# Bora Ultra Two - Broken Spoke :(



## iridepinarello (Feb 22, 2009)

So this AM I went out for my typical Saturday AM ride and not even 1 mile from my house, while riding very slowly on smooth roads, I stood up to pedal after making a turn, and... POP - a broken spoke on my real wheel.

Anyway, does anyone know where I can buy replacement spokes, and also any advice on replacing them.

I must admit, I was surprised it broke under such little pressure. I ride these wheels everyday (for months) on a hard "A" ride and have not had any trouble with them.

Oh well, I guess that's cycling.

Thanks for the help.


----------



## rocco (Apr 30, 2005)

iridepinarello said:


> So this AM I went out for my typical Saturday AM ride and not even 1 mile from my house, while riding very slowly on smooth roads, I stood up to pedal after making a turn, and... POP - a broken spoke on my real wheel.
> 
> Anyway, does anyone know where I can buy replacement spokes, and also any advice on replacing them.
> 
> ...


I've owned various Campy wheels over the years including a set of Boras and of those I only broke one spoke on a set of Ventos way back in the mid 1990s. I took the wheel back to my LBS where I bought them (Lickton's) and they had the wheel fixed in less than a week. Campy spokes (Sapim?) shouldn't be very hard to come by. Where did you buy the wheels?


----------



## ClassicSteel71 (Mar 5, 2009)

rocco said:


> I've owned various Campy wheels over the years including a set of Boras and of those I only broke one spoke on a set of Ventos way back in the mid 1990s. I took the wheel back to my LBS where I bought them (Lickton's) and they had the wheel fixed in less than a week. Campy spokes (Sapim?) *shouldn't be very hard to come by*. Where did you buy the wheels?


They are hard to come by. And they are pricey.


----------



## the genie (May 10, 2008)

iridepinarello said:


> So this AM I went out for my typical Saturday AM ride and not even 1 mile from my house, while riding very slowly on smooth roads, I stood up to pedal after making a turn, and... POP - a broken spoke on my real wheel.
> 
> Anyway, does anyone know where I can buy replacement spokes, and also any advice on replacing them.
> 
> ...



PM me when you have a moment.


----------



## mriddle (Nov 16, 2005)

*Kit-300bo*

You need this Campy mini spoke kit, they are about $60.
I have a set of 08 Bora Ultras, they take the same spokes as the 09 Ultra Two.
Any shop can get them from Quality (QBP) but they most likely will have to come from Italy.
You need to have a spoke kit ON HAND for any Campy wheels that you own.


----------



## em3 (Dec 25, 2005)

branford bike in seattle 
vecchios in boulder

both very knowledgable and very easy to work with


----------



## rocco (Apr 30, 2005)

ClassicSteel71 said:


> They are hard to come by. And they are pricey.

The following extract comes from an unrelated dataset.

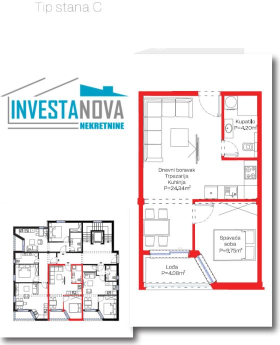 Tip C – Središnji položaj u zgradi s jugoistočnom orijentacijom. Površina stanova iznosi 41,30 m², a uključuju dnevni boravak s blagovaonicom (24,34 m²), spavaću sobu (9,75 m²), kupaonicu (4,20 m²) i lođu (4,08 m²).
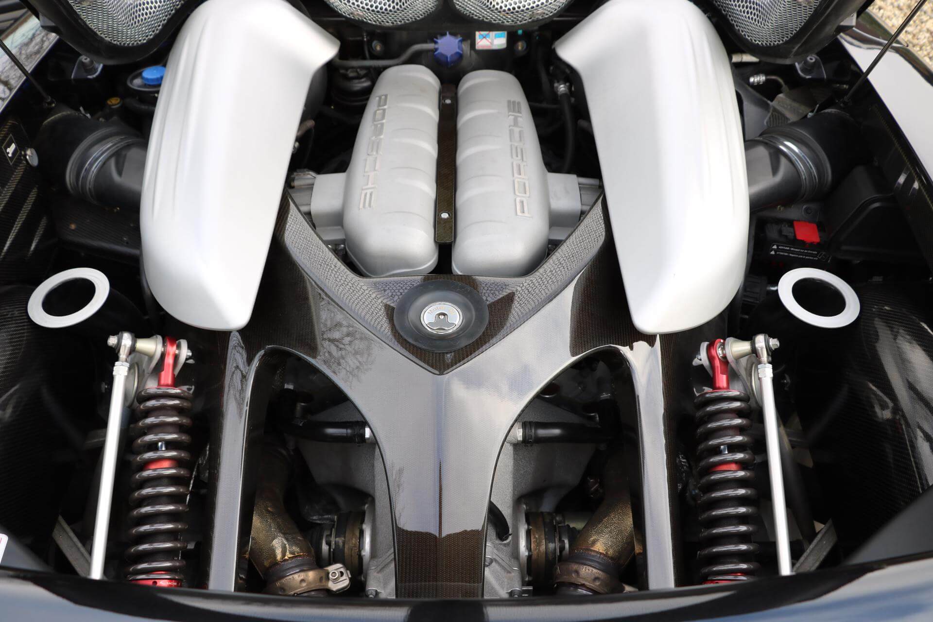 Among the car’s unique features are its 5.7-liter, 605-horsepower V10 engine; its monocoque chassis with engine and transmission mounts made of carbon-reinforced plastic; and the first use of a ceramic composite clutch in a production car. Its aerodynamic and race-bred suspension package provides safe and stable travel at speeds of up to 330 km/h, and the Carrera GT features a lot of lightweight materials, such as magnesium for the car’s huge wheels and special sport seats.

When I had my set of Boras and Neutrons I bought a kit of all the spares I might need through Lickton's who in turn got them from Ochsner (before Ochsner started selling online/direct) and they arrived pretty quickly as I remember it.


----------



## Maverick (Apr 29, 2004)

iridepinarello said:


> So this AM I went out for my typical Saturday AM ride and not even 1 mile from my house, while riding very slowly on smooth roads, I stood up to pedal after making a turn, and... POP - a broken spoke on my real wheel.
> 
> Anyway, does anyone know where I can buy replacement spokes, and also any advice on replacing them.
> 
> ...


sorry to hear about the broken spoke.

from your description, it seemed that the spoke failed for no apparent reason? btw, where was the point of breakge?

do you have a picture of it? im sure most users would be keen to see that.

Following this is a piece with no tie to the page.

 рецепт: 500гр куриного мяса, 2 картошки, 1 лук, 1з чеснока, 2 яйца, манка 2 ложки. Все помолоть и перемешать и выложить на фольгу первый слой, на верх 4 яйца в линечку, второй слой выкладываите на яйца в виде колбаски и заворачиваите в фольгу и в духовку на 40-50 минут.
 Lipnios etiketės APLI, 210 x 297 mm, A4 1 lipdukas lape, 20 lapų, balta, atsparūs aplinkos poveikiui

IMHO, if due to QC problem, perhaps you can try get a warranty from Campy.

cheers


----------



## rocco (Apr 30, 2005)

Maverick said:


> perhaps you can try get a warranty from Campy.

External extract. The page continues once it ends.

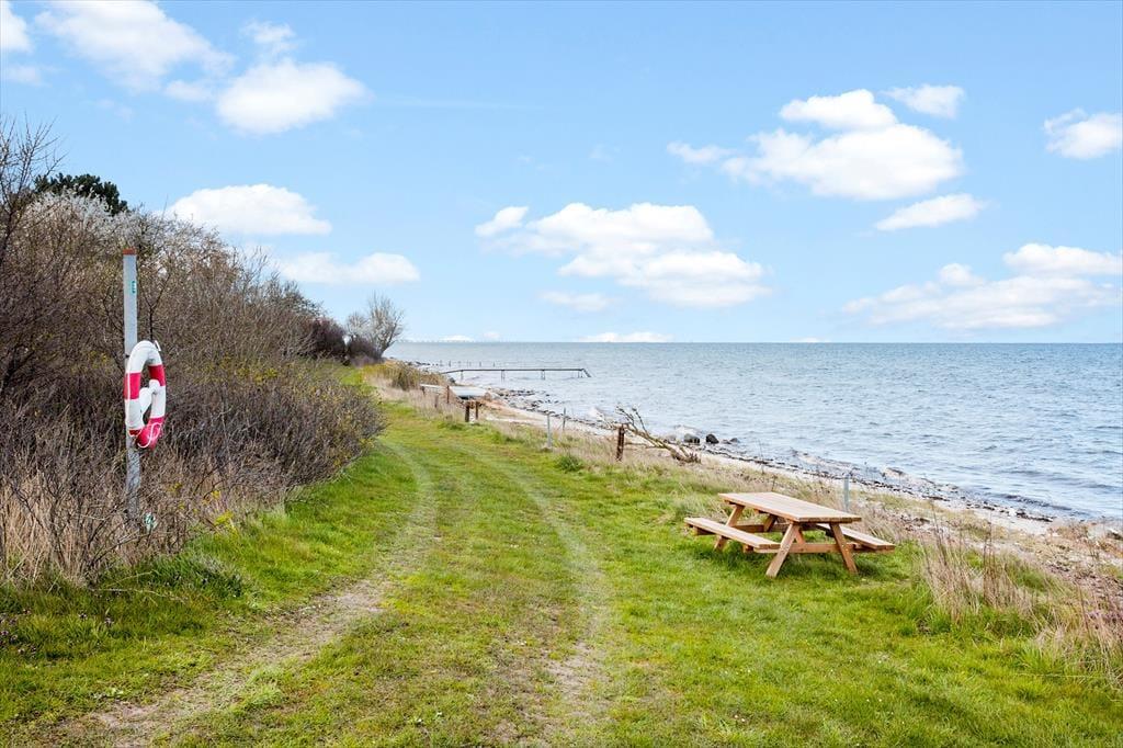 Sommerhus med en helt unik beliggenhed direkte til vandet ved Klintholm Strand syd for Nyborg. Fra terrassen og stuen kan man nyde den pragtfulde udsigt over Storebælt. Huset er renoveret i 2001 og indrettet i moderne, skandinavisk stil med en pæn møbleret stue med loft til kip og brændeovn, store vinduespartier og åbent køkken, 3 soverumog et moderne badeværelse. Huset har terrasse omkring hele huset, hvortil man har udgang fra alle rum.

They absolutely should and probably will... I'd highly recommend he deal with the shop that he bought the wheels from to make it right.


----------



## orange_julius (Jan 24, 2003)

mriddle said:


> You need this Campy mini spoke kit, they are about $60.
> I have a set of 08 Bora Ultras, they take the same spokes as the 09 Ultra Two.
> Any shop can get them from Quality (QBP) but they most likely will have to come from Italy.
> You need to have a spoke kit ON HAND for any Campy wheels that you own.


Second that. I just ordered a spoke kit for my Neutrons from Total Cycling. Here are their spoke kits, unfortunately they don't have Bora spokes listed here.

http://www.totalcycling.com/index.php/product/parts_accessories/spokes/index.html

I don't own a set of Boras but I think the spokes are mounted the same as with other medium to high end Campy wheels: through the rim. And the hubs mount the spokes HPW-style, which is to say the same as all Record- and Chorus-level factory wheelsets. So in theory the spokes can be replaced without too much grief. 

Contrast this with some Lightweight wheels that "bake" the spokes into the rims. 

Sorry to hear about your new wheel, hope you'll be able to get it fixed soon.


----------



## CLTracer (Aug 21, 2004)

rocco said:


> They absolutely should and probably will... I'd highly recommend he deal with the shop that he bought the wheels from to make it right.


Why involve the shop? Just one more layer and all they will do is send it on to Campy. The shop doesn't provide a warranty, the manufacturer does.


----------



## awiner (Aug 28, 2007)

CLTracer said:


> Why involve the shop? Just one more layer and all they will do is send it on to Campy. The shop doesn't provide a warranty, the manufacturer does.


Campy won't warranty anything unless a certified dealer sends it in.


----------



## CLTracer (Aug 21, 2004)

Ah, got you on that. I guess I didn't understand the one poster's comment about "the shop making it right."


----------



## vassili (Jan 9, 2006)

Hi,
Do you know if the Sapim X-Ray straight pull spokes will fit to Bora/Fulcrum Racing Speed hubs?
I broke a spoke of my Fulcrum Racing Speed rear wheel and prefered to change all spokes, than pay $$ for 4 kit fulcrum spokes.


----------